Hot vs. Cold Tumors: Decoding the Tumor Microenvironment, ft. Dr. Thomas Gajewski

Dr. Patrick Hwu sits down with Dr. Thomas Gajewski, a leader in tumor immunology at the University of Chicago. Dr. Gajewski discusses his pioneering work defining “hot” versus “cold” tumors — an insight that transformed how immunotherapists understand tumor response. The conversation dives into how the tumor microenvironment, patient genetics and even the gut microbiome shape immune activity in cancer. His work continues to drive strategies to turn cold tumors into responsive ones, giving new hope to patients across all cancer types. 

What You’ll Learn from Dr. Gajewski

• Origins of the hot vs cold tumor concept and its impact on immunotherapy.

• How checkpoint inhibitors revive immune responses in T-cell–infiltrated (“hot”) tumors.

• Challenges of cold tumors and strategies to convert them into hot, immune-responsive tumors.

• Pioneering work linking the gut microbiome to immunotherapy response.

• The significance of interdisciplinary research, from tumor genetics to immunology.

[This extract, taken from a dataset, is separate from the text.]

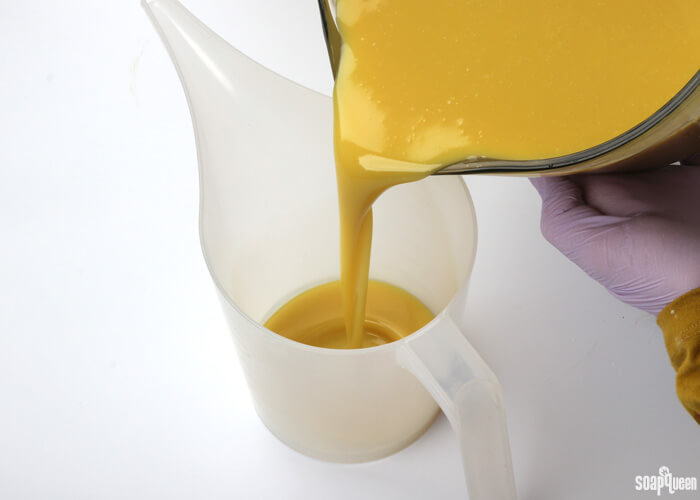 Now that you have safely mixed your lye solution, it’s time to make cold process soap. But safety doesn’t stop here! During the entire soap making process, it’s important to wear your safety gear which includes goggles, long sleeves and pants, and gloves. This is because the lye solution still has the potential to irritate the skin once mixed with soaping oils.

• Humanizing science: the role of music and culture in building community and sustaining belief.

Podcast Transcript

Dr. Patrick Hwu:
Welcome to The ImmunoVerse, a podcast that brings the ever-expanding universe of immunotherapy to life, through the voices of those advancing this groundbreaking field. I'm Dr. Patrick Hwu, president and CEO of Moffitt Cancer Center and a career immunologist. In each episode, I sit down with pioneering experts who have shaped the past, present, and future of immunotherapy, uncovering breakthroughs, challenges and the science driving this lifesaving innovation. Today we have with us Dr. Tom Gajewski, Professor of pathology and Medicine at the University of Chicago, where he leads a world-renowned program in tumor immunology and cancer metabolism.

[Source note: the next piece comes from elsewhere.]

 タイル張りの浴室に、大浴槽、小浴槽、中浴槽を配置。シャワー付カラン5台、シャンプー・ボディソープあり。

Dr. Gajewski is a leading voice in understanding why some tumors respond to immunotherapy, while others do not. His work on immune cold tumors, the gut microbiome's influence on therapy and the tumor microenvironment has opened new frontiers in cancer treatment. He's also played a pivotal role in advancing preclinical models and translational approaches that move promising science into the clinic, helping more patients benefit from the power of immunotherapy. Welcome to The ImmunoVerse, Dr. Gajewski.

Dr. Thomas Gajewski:
Thanks so much, Patrick. It's a pleasure to be here.

Hwu:
So tell me, how did you get interested in using the immune system against cancer?

Gajewski:
Well, that goes way back. I was a PhD student in immunology. My mentor was Frank Fitch, a famous T-cell biologist, and that's how I got my PhD, was in that area of regulation of T-cell activation. And when I went back to medical school for the clinical part, I was looking for applications of immunology. When I had my oncology rotation, my attending said, "Well, Tom, why wouldn't you choose cancer? That's the hardest problem." And so that hooked me because I like challenging problems, and that's what I went into. That's become my career and I've continued to work on that interface between cancer and the immune system all of these years.

Hwu:
Well, as a clinician, I remember you collected tumors from patients, and that's where you first got this concept of hot and cold tumors.

Gajewski:
Yes, that's exactly right. It's sort of interesting. When I started in this field in the late nineties, immunologists were mostly working with immune cells circulating in the blood as their, let's say, experimental testing ground Cancer biologists were looking at tumors and tumor cells, and nobody was really looking at the interface. And of course, for your immune system, the cells of your immune system to recognize and destroy cancer, they have to get into the tumor. And it was an important question, "Was that happening?" We had things like vaccine clinical trials, cytokines like interleukin two, and some patients responded, but most patients didn't. And we felt it was important to start looking at the tumor microenvironment, and that's when we made this kind of a fundamental observation, which seems like a no-brainer today. I think all the students and postdocs, the clinical fellows, even the practicing senior professor oncologists think that it's always been known that there's a major subset of cancers that already has a smoldering immune response against the tumor. It turns out in the majority of tumors, they're not immune-infiltrated, and we call those non-T-cell inflamed or cold tumors. And there, cancers have escaped the immune system by a different way. They've escaped by not allowing the T cells in. So in the first category, the T cells are allowed in, but they're turned back off by these regulatory processes. And so it's become very sophisticated. We catalog tumors in this way and in deeper ways by very far-reaching technical advances that we use in this translational research.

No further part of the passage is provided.